A. The problem you are interested in is the following: given an inner product $\langle \cdot, \cdot \rangle$ find $x$ such that $\langle b - Ax, b - Ax \rangle$ is minimized.

When $\langle \cdot, \cdot \rangle$ is the ordinary inner product, this is the ordinary least squares solution. When $\langle x, y \rangle = x^T W y$ where $W$ is some positive diagonal matrix, this the weighted case you are interested in.

B. The solution will satisfy the following optimality criterion: the error must be orthogonal to the column space of $A$.

Formally, let $a_1, \ldots, a_n$ be the columns of $A$. Then the optimal $x^*$ will satisfy $ \langle a_i, b-Ax^* \rangle = 0 $ for all $i$.

Why? Because if the error could be orthogonally decomposed as

$ b- Ax = x_{R(A)} + x_{R(A)^\perp}$ where $x_{R(A)} \neq 0$ is the projection onto the range of $A$, and $x_{R(A)^\perp}$ is a projection onto its a complement, then we could pick a different $x$ to get a smaller error. Indeed, $ \langle b - Ax, b-Ax \rangle = \langle x_{R(A)}, x_{R(A)} \rangle + \langle x_{R(A)^\perp}, x_{R(A)^\perp} \rangle $ by the Pythagorean theorem. Now if $x_{R(A)} = Ay$, then $ \langle b-A(x+y), b-A(x+y) \rangle = \langle x_{R(A)^\perp}, x_{R(A)^\perp} \rangle$ which is smaller.

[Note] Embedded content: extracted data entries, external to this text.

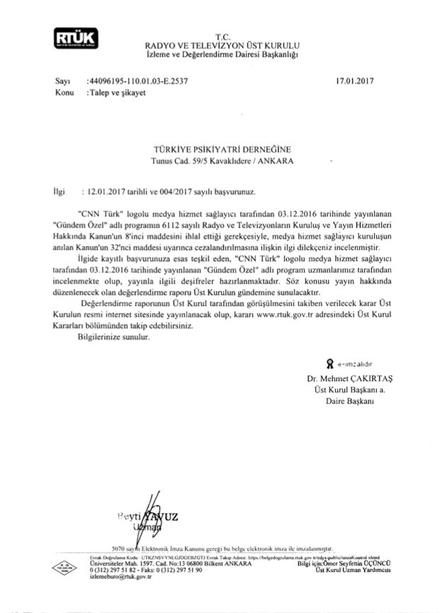 03.12.2016 tarihinde CCN Türk kanalında yayınlanan ‘Gündem Özel’ adlı Dr. Canan Karatay ve Dr. Ümit Aktaş’ın katıldığı programda depresyon, ruhsal hastalıklar ve tedavileri ile ilgili halkı yanıltıcı ve bilimsel dayanağı olmayan bilgiler verildiği gerekçesi ile 12.01.2017 tarihinde Sağlık Bakanlığı, İstanbul Tabip Odası ve RTÜK’e şikayet başvurularında bulunulmuştur. RTÜK tarafından gerekli incelemenin başlatıldığını belirtir yazı ektedir. Gelişmeler konusunda tekrar bilgilendirme yapılacaktır.
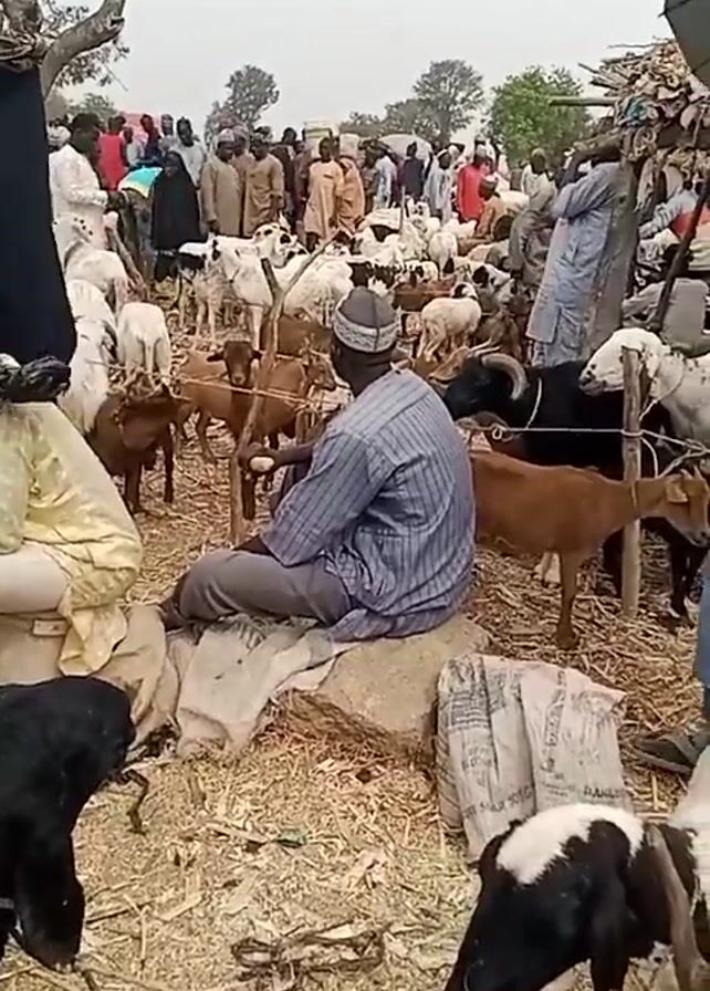 busy animal market, likely in a rural setting. Many people are milling around, dressed in a variety of traditional and casual clothing. The main focus is on the goats and sheep, which are being inspected and potentially traded. There are goats of various colors, including white, brown, and black, some tied to stakes or held on leashes. Men are seen sitting and standing around the animals, seemingly engaged in conversation and negotiation. The ground is covered with dry grass and straw. The weather seems overcast, with a few trees visible in the background. The scene appears crowded and lively, typical of a market setting.
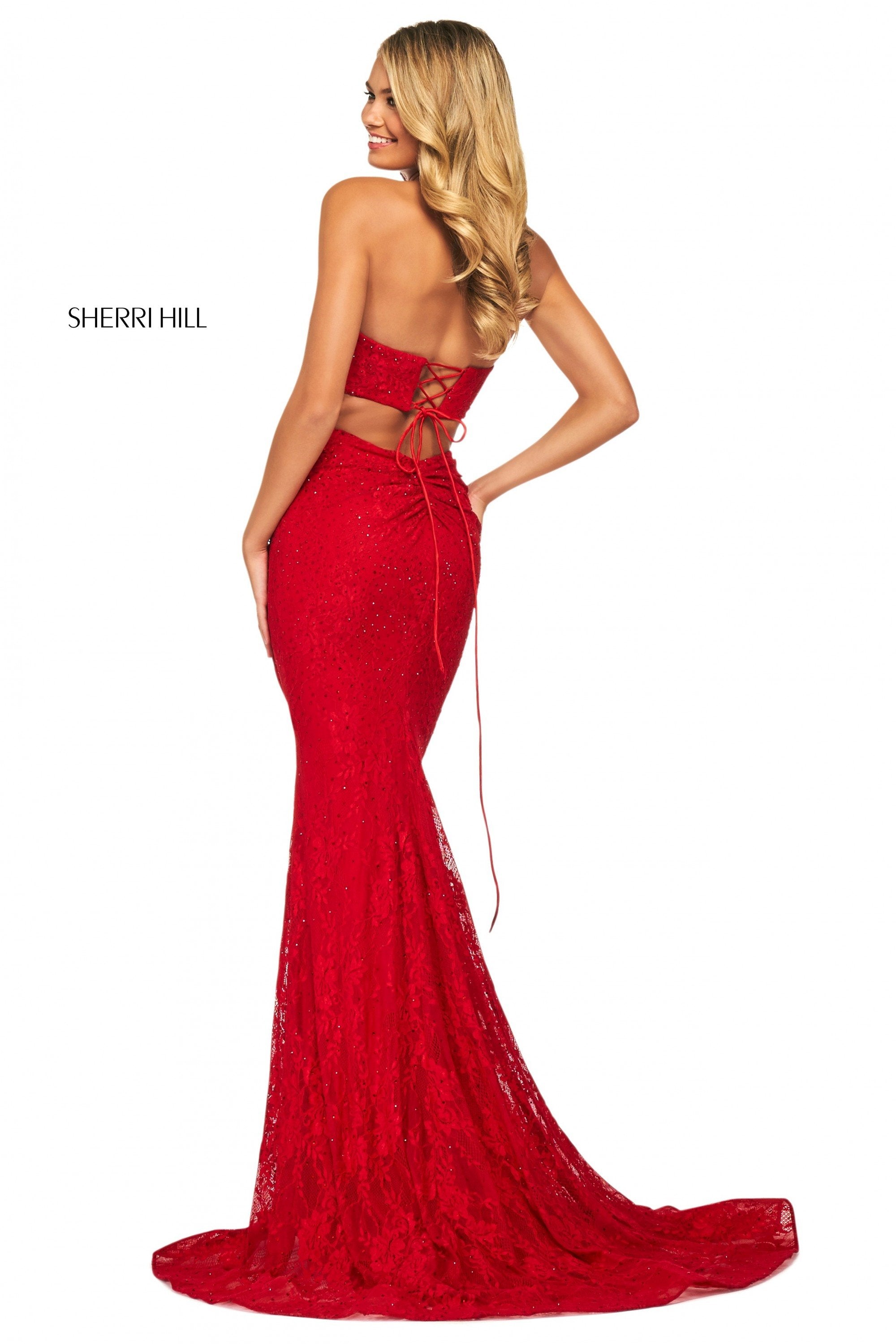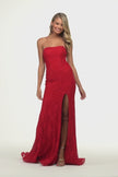Beaded stretch lace fitted gown with strapless neckline and skirt slit with back cut out, lace up back, and ruched lower back.

C. For the case of the ordinary inner product, the above optimality principle can be restated as $ A^T (b-Ax^*) = 0$ which immediately gives you your least-squares solution; and for the case of the weighted inner product, it can be restated as $ A^T W (b-Ax^*)=0$ which immediately gives you the weighted solution.